Дальнейшее чтение [ править ]

  • Бейкер Д., Сали А. (2001). «Прогнозирование структуры белков и структурная геномика» . Наука . 294 (5540): 93–6. Bibcode : 2001Sci ... 294 ... 93B . DOI : 10.1126 / science.1065659 . PMID  11588250 .
  • Chiu DK; Колодзейчак Т. (1991). «Вывод консенсусной структуры из последовательностей нуклеиновых кислот». Comput. Прил. Biosci . 7 (3): 347–352. DOI : 10.1093 / биоинформатики / 7.3.347 . PMID  1913217 .
  • Do CB, Woods DA, Batzoglou S (2006). «CONTRAfold: предсказание вторичной структуры РНК без использования физических моделей» . Биоинформатика . 22 (14): e90–8. DOI : 10.1093 / биоинформатики / btl246 . PMID  16873527 .

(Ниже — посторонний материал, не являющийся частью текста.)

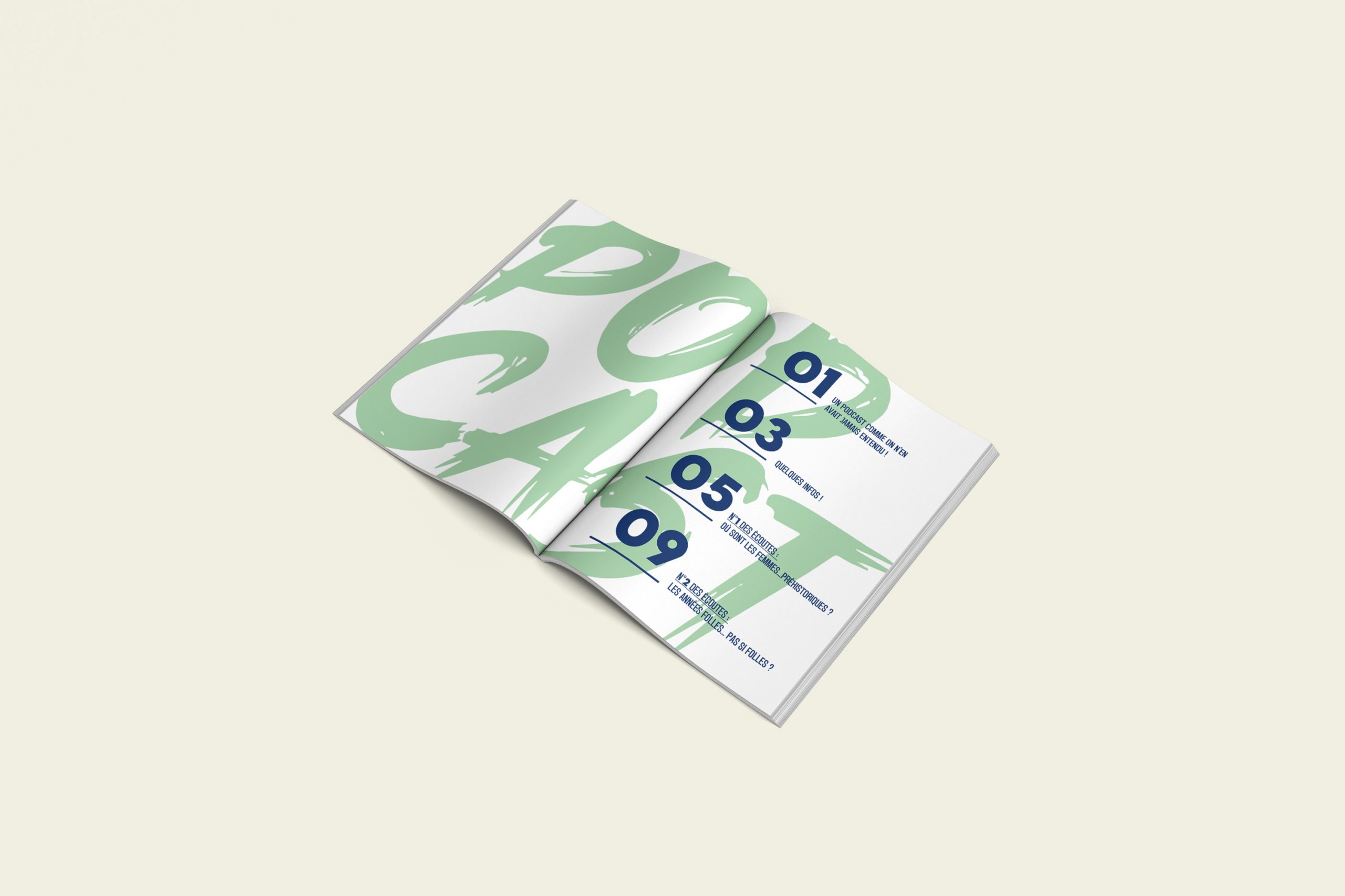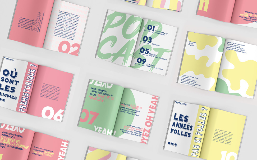 J’ai réalisé ce fanzine en m’amusant à travailler uniquement avec les formes, la typographie et les couleurs. Mon but était ainsi de retranscrire le caractère léger et fun du podcast, en jouant avec les formes.
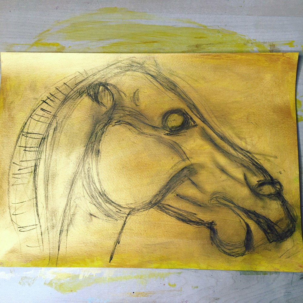 I’ve literally just finished sketching this horses head in charcoal, it’s the first time I used charcoal and it’s so lush.

  • Gutell RR; и другие. (1992). «Выявление ограничений на структуру РНК высшего порядка: постоянное развитие и применение методов сравнительного анализа последовательностей» . Nucleic Acids Res . 20 (21): 5785–5795. DOI : 10.1093 / NAR / 20.21.5785 . PMC  334417 . PMID  1454539 .

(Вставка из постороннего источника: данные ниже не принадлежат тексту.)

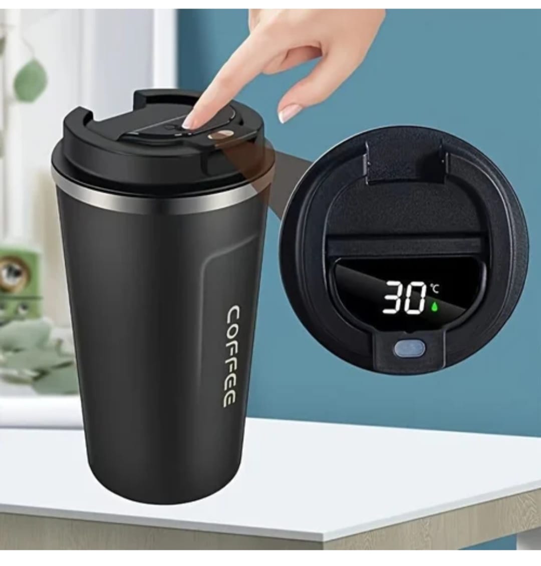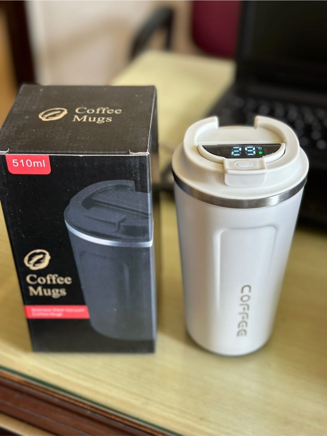 كوب قهوة حراري مع شاشة عرض درجة الحرارة. الميزات: يتميز بشاشة رقمية تعرض درجة حرارة السائل بالداخل، مما يتيح لك معرفة ما إذا كانت قهوتك أو مشروبك الساخن لا يزال دافئًا بدرجة كافية.
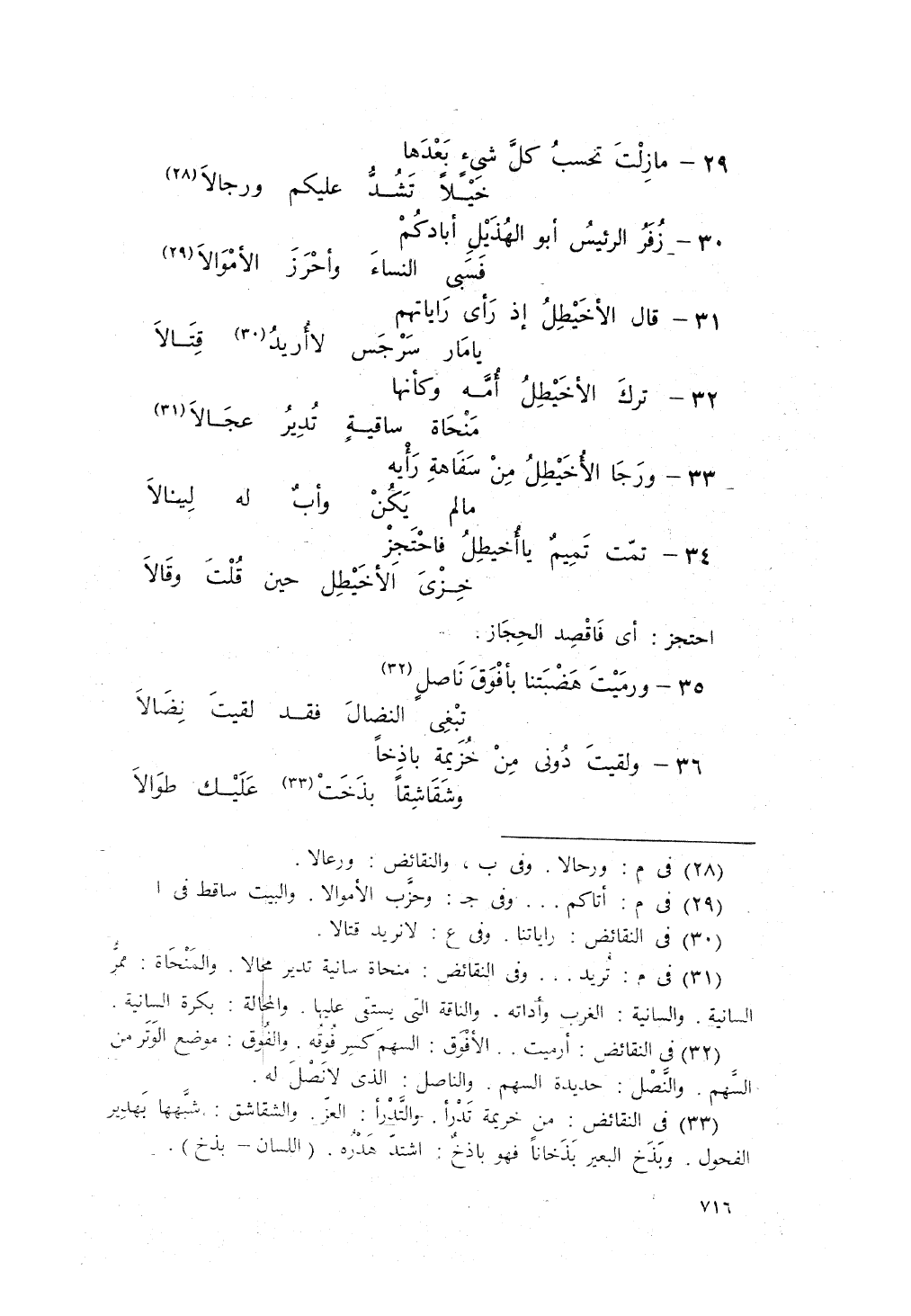 وَرَمَيْتَ هَضْبَتَنَا بِأَفْوَقَ ناصِلٍ، ... تَبْغي النّضال، فقد لَقِيتَ نِضالا

  • Леонтис Н.Б., Лескут А., Вестхоф Э. (2006). «Строительные блоки и мотивы архитектуры РНК» . Curr Opin Struct Biol . 16 (3): 279–87. DOI : 10.1016 / j.sbi.2006.05.009 . PMC  4857889 . PMID  16713707 .
  • Линдгрин С., Гарднер П.П., Крог А. (2006). «Измерение ковариации в выравнивании РНК: физический реализм улучшает информационные меры» . Биоинформатика . 22 (24): 2988–95. DOI : 10.1093 / биоинформатики / btl514 . PMID  17038338 .
  • Лоренц, Ронни (2014). Термодинамика и кинетика вторичной структуры РНК . Вена, Австрия: Венский университет, Диссертация.
  • Маке Т., Дело D (1998). «Моделирование необычных структур нуклеиновых кислот». Моделирование необычных структур нуклеиновых кислот. В молекулярном моделировании нуклеиновых кислот. Отредактировано Леонтесом Н., Санта-Люсией Дж. Дж. Вашингтон, округ Колумбия . Серия симпозиумов ACS. 682 . Американское химическое общество. С. 379–393. DOI : 10.1021 / Б.К.-1998-0682.ch024 . ISBN 978-0-8412-3541-0.
  • Майор F (2003). «Построение трехмерных структур рибонуклеиновой кислоты» . Вычислительная техника в науке и технике . 2003 (5): 44–53. Bibcode : 2003CSE ..... 5e..44M . DOI : 10,1109 / MCISE.2003.1225860 .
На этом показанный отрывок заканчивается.